All this was before the tournament had even begun, and we were still adjusting to the venue shift from India to South Africa. And then, on day one of IPL Season 2 came the Fake IPL Player whammy. Someone implying he was part of the KR team began dishing out all the dirt from within the camp, complete with gossip about dressing room debates and invidious infighting within the team, as well as malicious but apparently authentic gossip about a few of the other teams. Particularly striking were the blogger’s delicious nicknames for the players and coaches he wrote about, indicating both a wicked sense of humour as well as some serious axe to grind.

As theories flew thick and fast about who the ‘fake’ blogger was, a further blow to KR came in the form of Ricky Ponting’s pull out. That left two big hitters at the top (McCullum and Gayle), an earnest Brad Hodge at number three, a vengeful former skipper at number four, and confusion to follow. And when I say vengeful, I mean it. Ganguly is not the man to swallow an insult and dedicate his services to those who have delivered it. He is unique in his ability to be part of a team without really being part of it, and spread the fire of disaffection and negativity if he so desires. SRK and henchmen seriously miscalculated the impact that removing Ganguly would have, especially in such a ham-handed manner. To add to KR’s woes, Cheteshwar Pujara has been sidelined with an injury.

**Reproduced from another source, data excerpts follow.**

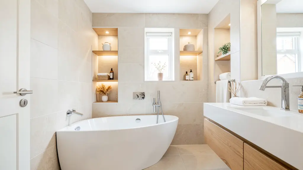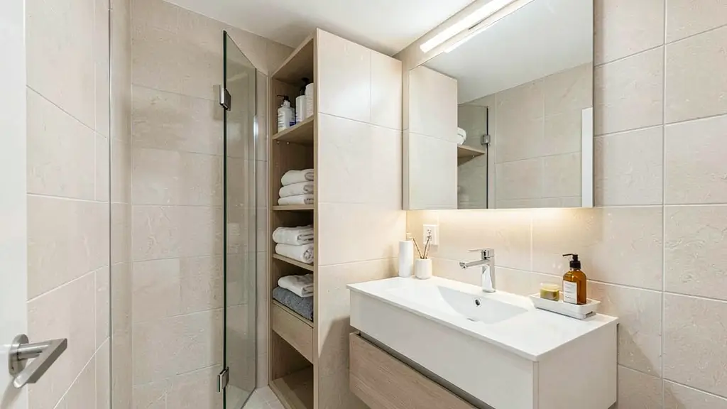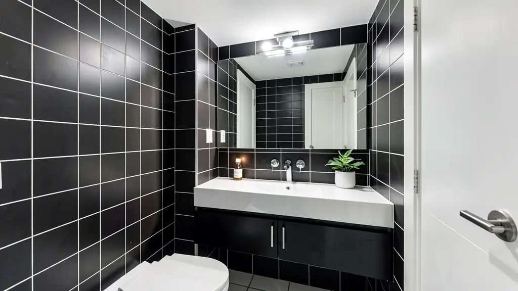 - Mix textures: Matte tiles, glossy fixtures, natural wood accents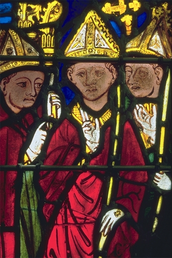 Verrière de la baie 100 (verrière légendaire) : Jugement dernier, Vie du Christ, Histoire d'Abraham, Vie de sainte Catherine, Vie de sainte Marguerite, évocation des évêques de Dol,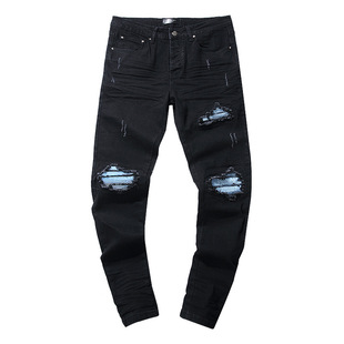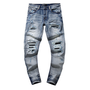保暖高腰弹力显瘦长裤 细闪烫钻 女秋冬新款 直筒牛仔裤 加绒窄版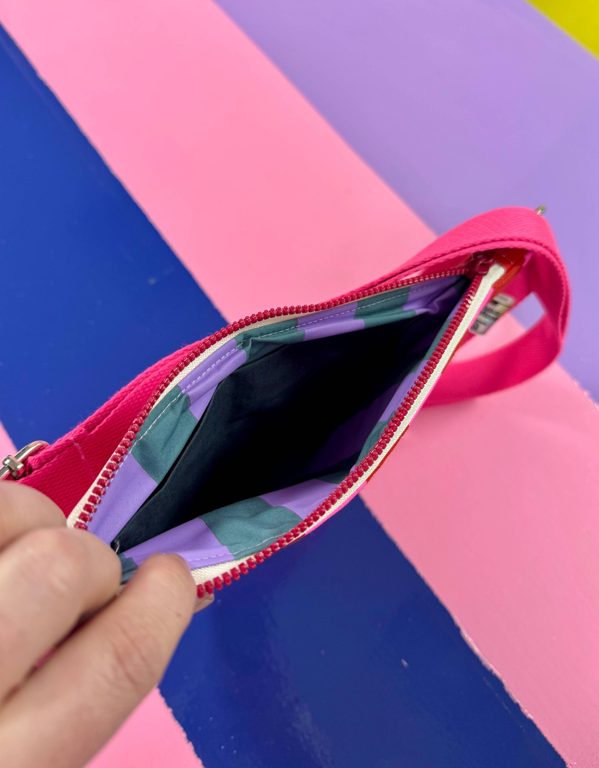 The bag is fully lined and padded for extra structure and comfort, with a small interior pocket for your phone and cards. Please note: while the exterior design is consistent, the lining fabric may vary in colour and print, adding a surprise element to each piece.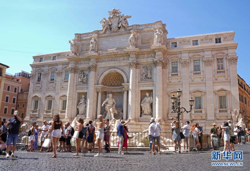 7月11日,人們?cè)谝獯罄_馬的許愿池前參觀拍照。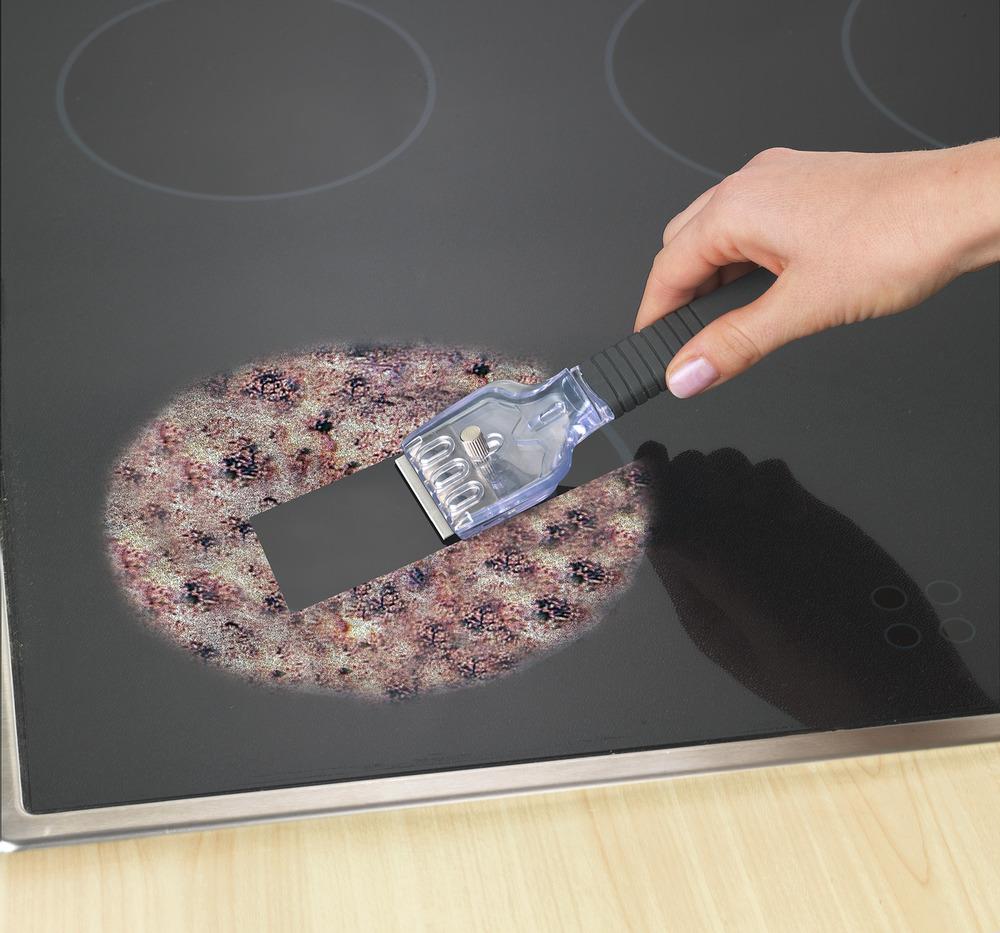 Der handliche Reinigungsschaber Expert entfernt mühelos alle hartnäckigen Verkrustungen und Verschmutzungen auf Glaskeramik-Herden, Glas oder Fliesen. Der praktische Glasschaber reinigt einfach alle glatten Flächen wie Wände, Spiegel, Fenster, Glas und Kochfelder ohne Kratzer. Auch die lästigen Etiketten oder Klebereste werden bequem beseitigt. Zur komfortablen und sicheren Handhabung ist der Herdschaber mit einem rutschfesten Griff und einer zusätzlichen Klingensicherung versehen. Im Lieferumfang sind drei hochwertige Ersatzklingen aus rostfreiem Edelstahl enthalten.Attribute

Amidst jokes about KR having more support staff than players (courtesy Buchanan who seems to think nothing of packing his management with ‘support’ from his native state of Queensland in Australia), came the second whammy — that Shah Rukh was going to sell the team, a report that he and IPL supremo Lalit Modi have since denied, though doubts remain. As a result of the steady stream of KR losses, however, SRK is finally learning to stay out of the limelight, to not try and talk cricket at all (no matter how much he apologises later), and to scale down the smug know-all air that has infuriated many.

On top of all this are the reports that the $2.2 billion luxury apartment project associated with him in Dubai has been shelved owing to the recession. Can life get any worse? Well, going by their most recent performance, KR are trying their best to prove that it can indeed.

Badshah Khan, meanwhile, is back in India, having vowed to not go back to South Africa until ‘his’ team starts winning. Which ought to keep him home bound until at least the next season, going by the look of things. In the course of a single year, he has gone from hero to virtual zero in his ‘adopted’ city, managed to make a laughing stock of himself and his team in the eyes of the world, and mysteriously come under the thrall of John Buchanan, a man who seems to confuse cricket with rocket science, and infect everyone around him with that confusion.

The IPL’s ‘most glamorous team’ is thus nothing but a collection of demoralised and ill-picked individuals playing bad cricket, served by a bad coach and hampered by an owner who clearly knows neither his cricket nor his limits. Can anyone save them? Not this time, at any rate.